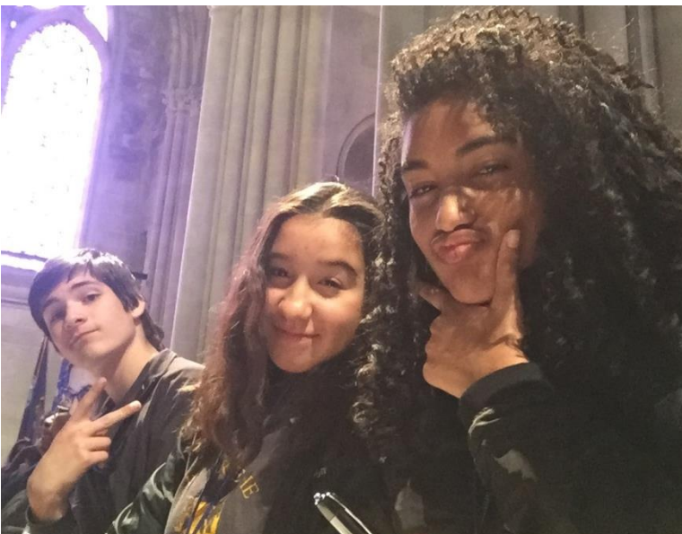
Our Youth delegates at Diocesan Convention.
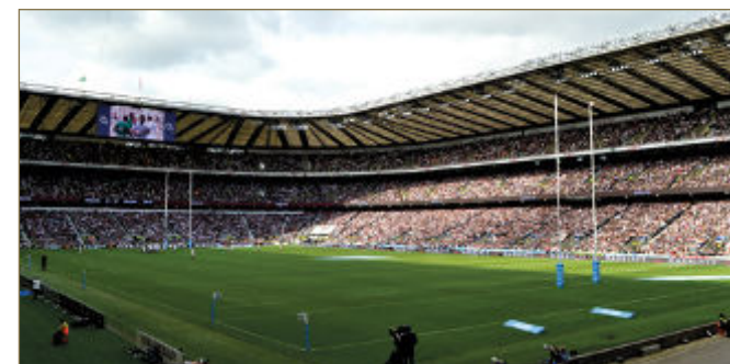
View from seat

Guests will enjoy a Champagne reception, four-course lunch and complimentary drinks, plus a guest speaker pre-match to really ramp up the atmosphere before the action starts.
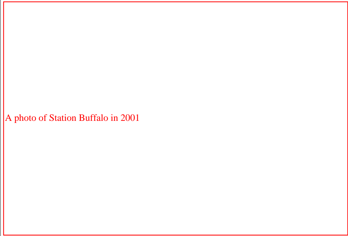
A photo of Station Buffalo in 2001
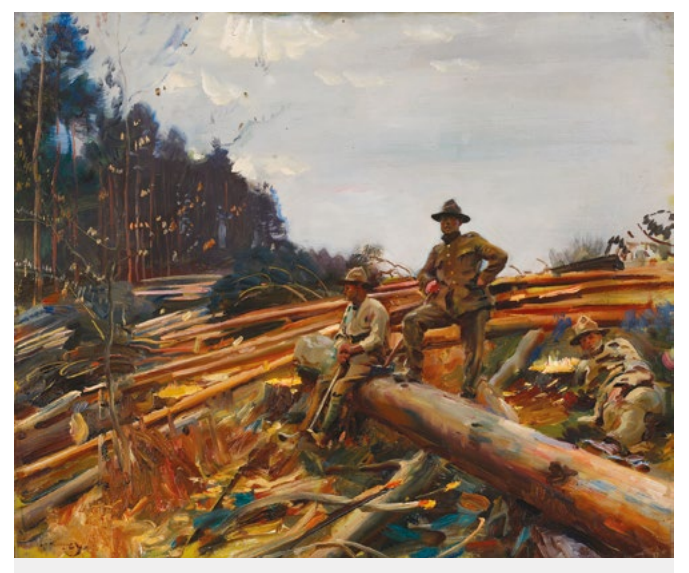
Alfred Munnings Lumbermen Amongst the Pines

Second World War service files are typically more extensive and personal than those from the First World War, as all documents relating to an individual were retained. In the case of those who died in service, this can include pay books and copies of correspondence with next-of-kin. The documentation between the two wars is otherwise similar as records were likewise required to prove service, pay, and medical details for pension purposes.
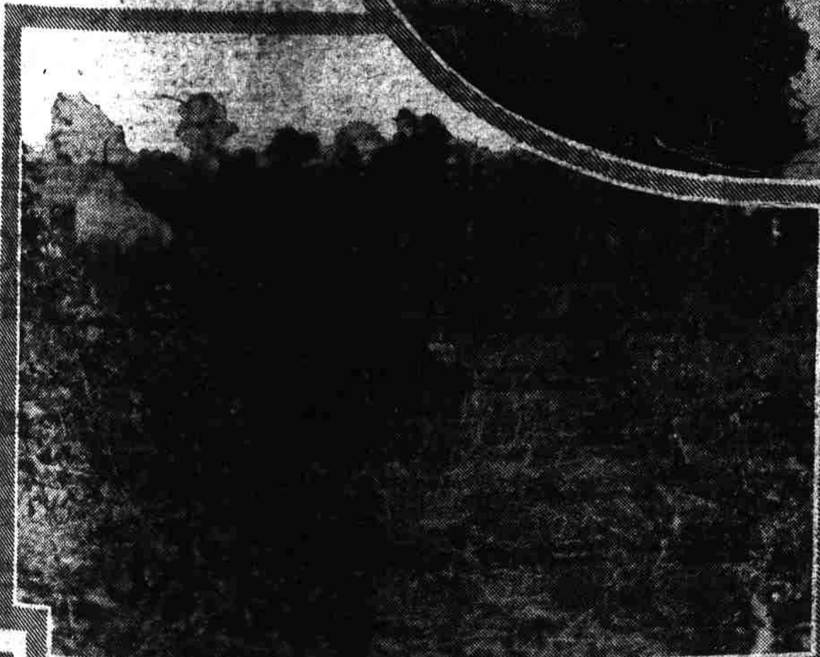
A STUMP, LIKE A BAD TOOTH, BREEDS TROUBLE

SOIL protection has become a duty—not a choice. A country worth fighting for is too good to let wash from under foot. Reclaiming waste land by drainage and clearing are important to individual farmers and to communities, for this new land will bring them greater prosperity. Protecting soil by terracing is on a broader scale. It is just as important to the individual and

══════════

PROBLEM DESCRIPTION: Return all lines of the material that have "from" in them.

ANSWER TO THIS EXERCISE:
View from seat
Second World War service files are typically more extensive and personal than those from the First World War, as all documents relating to an individual were retained. In the case of those who died in service, this can include pay books and copies of correspondence with next-of-kin. The documentation between the two wars is otherwise similar as records were likewise required to prove service, pay, and medical details for pension purposes.
SOIL protection has become a duty—not a choice. A country worth fighting for is too good to let wash from under foot. Reclaiming waste land by drainage and clearing are important to individual farmers and to communities, for this new land will bring them greater prosperity. Protecting soil by terracing is on a broader scale. It is just as important to the individual and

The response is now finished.